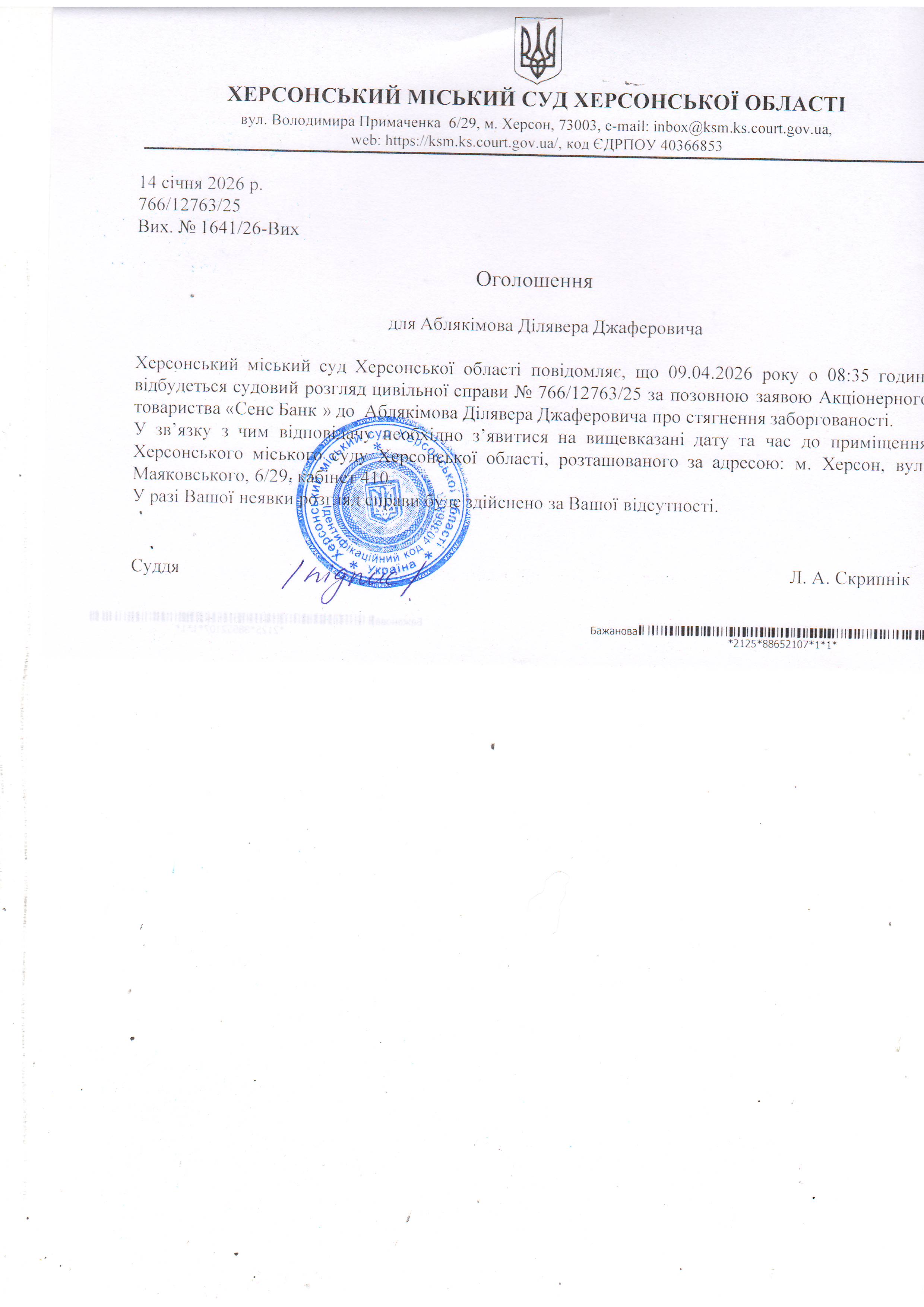 ОГОЛОШЕННЯ ПРО ВИКЛИК ДО СУДУ
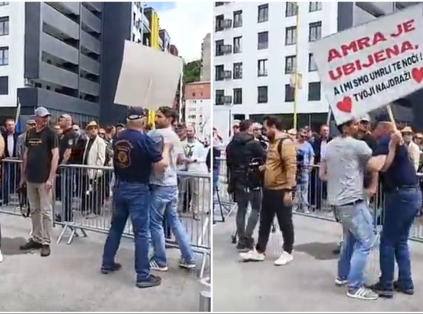 Naime, brat Amre Kahrimanović došao je na obilježavanje, a pojavio se s natpisom na kojem je pisalo "Amra je ubijena, a mi smo umrli te noći, tvoji najdraži".
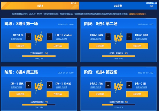 8进4阶段:1月1日14:00~18:00,每场比赛赛事时长约1小时
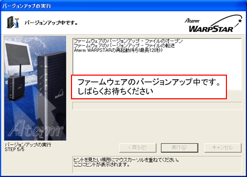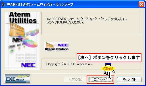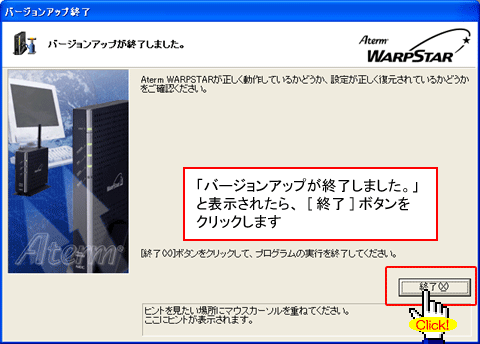 - 当バージョンアップ画面は、Windows XPでAtermWA7500Hを使用した場合の画面です
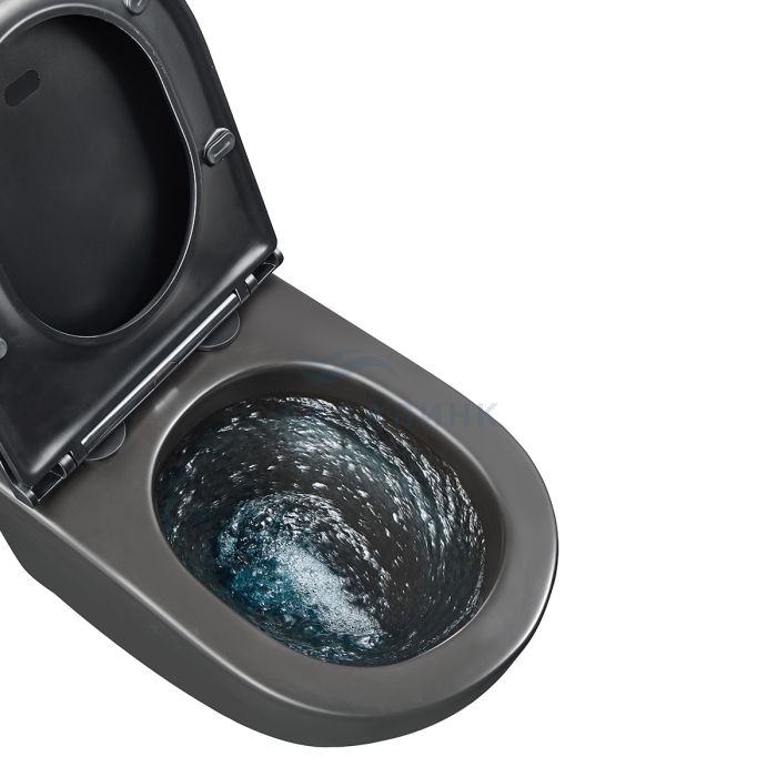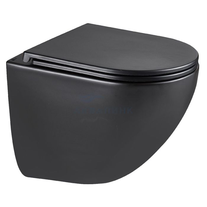 Унитаз подвесной безободковый Lemark Glazer укороченный, с микролифтом, черный матовый, смыв "торнадо"
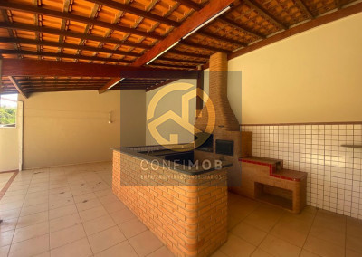 03 dormitórios sendo uma suíte, 01 sala ampla, 01 cozinha, 01 escritório, 01 varanda, 01 área com churrasqueira, garagem para 02 veículos
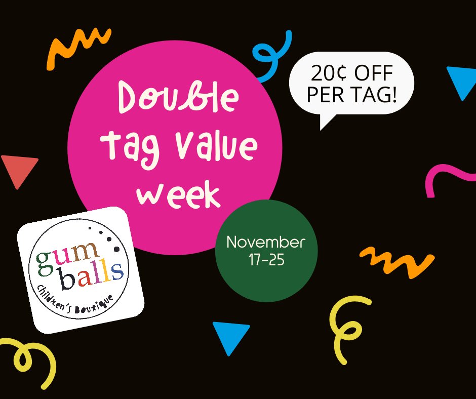 If you’ve been saving those tags, now is the time to bring them in! All week long we are giving double the typical value on returned tags. That means 20¢ off for every tag you bring in!

Exercise: Nothing but the lines from the start of the listing through the line with "- 当バージョンアップ画面は、Windows XPでAtermWA7500Hを使用した場合の画面です" belongs in the answer, each one retyped exactly and without pictures.

Answer section:
 ОГОЛОШЕННЯ ПРО ВИКЛИК ДО СУДУ
 Naime, brat Amre Kahrimanović došao je na obilježavanje, a pojavio se s natpisom na kojem je pisalo "Amra je ubijena, a mi smo umrli te noći, tvoji najdraži".
 8进4阶段:1月1日14:00~18:00,每场比赛赛事时长约1小时
 - 当バージョンアップ画面は、Windows XPでAtermWA7500Hを使用した場合の画面です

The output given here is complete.